The one time since then when Kith-Kanan and she had come together illicitly flared brightly in her mind. That episode had never been repeated because Kith-Kanan’s guilt wouldn’t allow it. He had avoided her for years and was awkward when they were brought together through necessity.
Shaking her head, she fought back the tears. Sithas was in the palace. Hermathya would go to him and make him bring their son back home!

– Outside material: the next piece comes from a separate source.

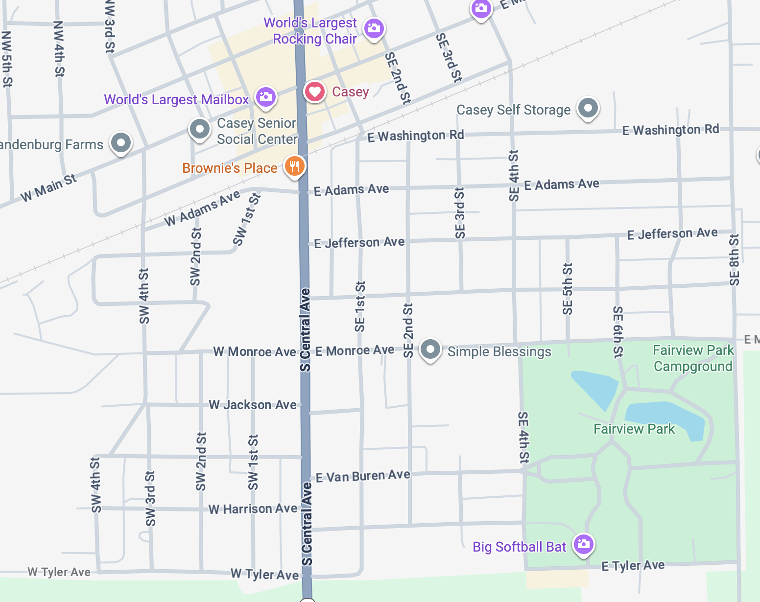 The museum is located at the southern end of Fairview Park in Casey, IL. Look for the big softball bat in front of the building.

She found her husband in his study, perusing a document with the Oakleaf stamp, in gold, at the top. He looked up when she entered, and blinked with surprise.
“You must call Vanesti back,” she blurted, staring at him.
“I will not.”
“Can’t you understand what he means to me?” Hermathya fought to keep her voice under control. “I need him here with me. He’s all I’ve got!”